> [Work task] Among the records below, find the line with "Rien n'est trop" and the line with "Service Access for". Set down both and every line between, exactly and with no pictures, but nothing else.

> [Data]

----

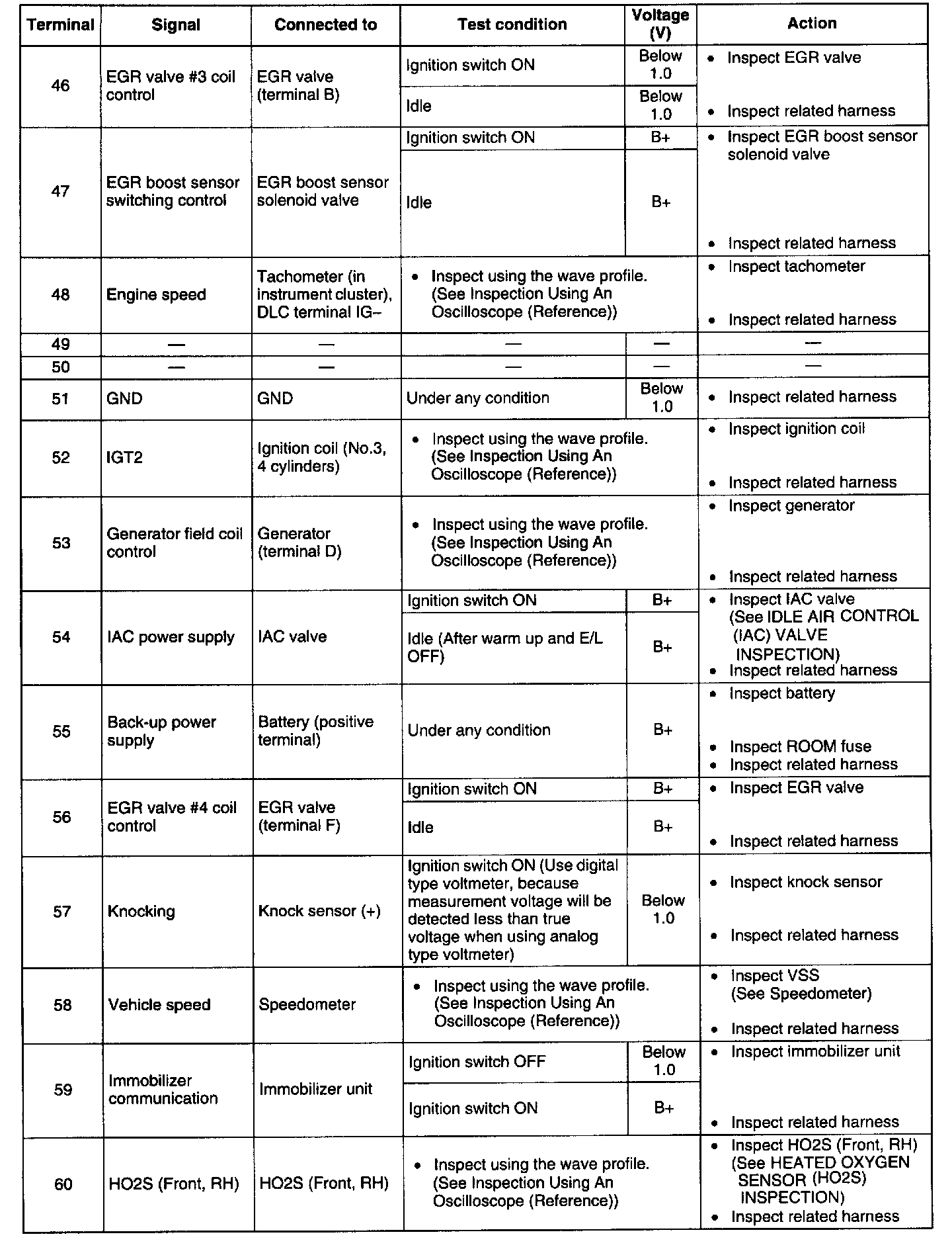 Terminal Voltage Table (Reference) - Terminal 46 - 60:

----

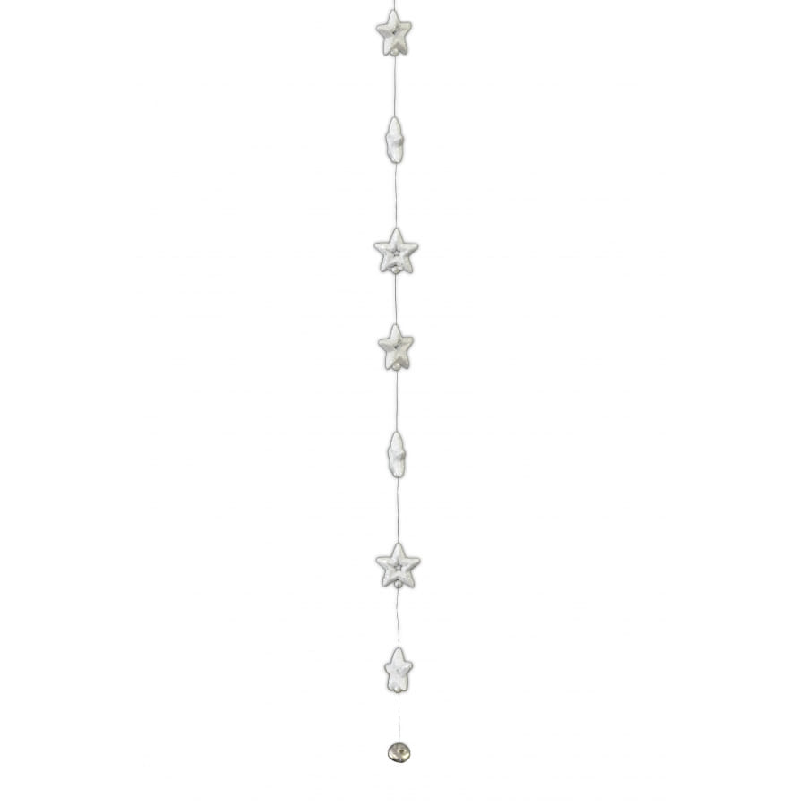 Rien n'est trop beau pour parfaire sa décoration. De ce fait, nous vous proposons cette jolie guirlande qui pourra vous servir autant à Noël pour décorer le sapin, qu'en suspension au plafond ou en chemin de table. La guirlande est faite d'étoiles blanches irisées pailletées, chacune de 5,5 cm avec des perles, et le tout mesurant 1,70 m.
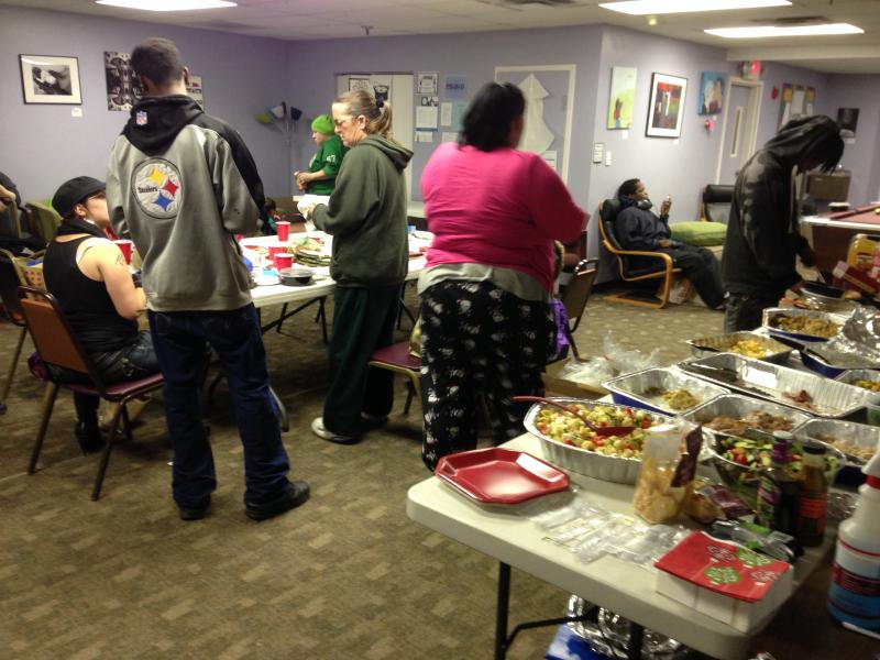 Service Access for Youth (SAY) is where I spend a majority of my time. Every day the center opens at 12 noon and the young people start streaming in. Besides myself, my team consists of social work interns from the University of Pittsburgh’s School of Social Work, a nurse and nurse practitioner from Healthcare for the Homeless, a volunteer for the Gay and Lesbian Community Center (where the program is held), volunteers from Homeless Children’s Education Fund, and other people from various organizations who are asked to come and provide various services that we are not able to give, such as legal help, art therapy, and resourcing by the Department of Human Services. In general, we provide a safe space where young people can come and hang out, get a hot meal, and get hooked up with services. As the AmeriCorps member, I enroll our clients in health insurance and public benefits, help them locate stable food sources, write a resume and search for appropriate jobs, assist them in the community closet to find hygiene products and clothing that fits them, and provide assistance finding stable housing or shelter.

----

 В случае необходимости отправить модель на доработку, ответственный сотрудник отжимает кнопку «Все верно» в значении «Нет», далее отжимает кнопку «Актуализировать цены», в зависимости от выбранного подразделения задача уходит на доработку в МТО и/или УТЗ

----

> [Task response]
 Rien n'est trop beau pour parfaire sa décoration. De ce fait, nous vous proposons cette jolie guirlande qui pourra vous servir autant à Noël pour décorer le sapin, qu'en suspension au plafond ou en chemin de table. La guirlande est faite d'étoiles blanches irisées pailletées, chacune de 5,5 cm avec des perles, et le tout mesurant 1,70 m.
 Service Access for Youth (SAY) is where I spend a majority of my time. Every day the center opens at 12 noon and the young people start streaming in. Besides myself, my team consists of social work interns from the University of Pittsburgh’s School of Social Work, a nurse and nurse practitioner from Healthcare for the Homeless, a volunteer for the Gay and Lesbian Community Center (where the program is held), volunteers from Homeless Children’s Education Fund, and other people from various organizations who are asked to come and provide various services that we are not able to give, such as legal help, art therapy, and resourcing by the Department of Human Services. In general, we provide a safe space where young people can come and hang out, get a hot meal, and get hooked up with services. As the AmeriCorps member, I enroll our clients in health insurance and public benefits, help them locate stable food sources, write a resume and search for appropriate jobs, assist them in the community closet to find hygiene products and clothing that fits them, and provide assistance finding stable housing or shelter.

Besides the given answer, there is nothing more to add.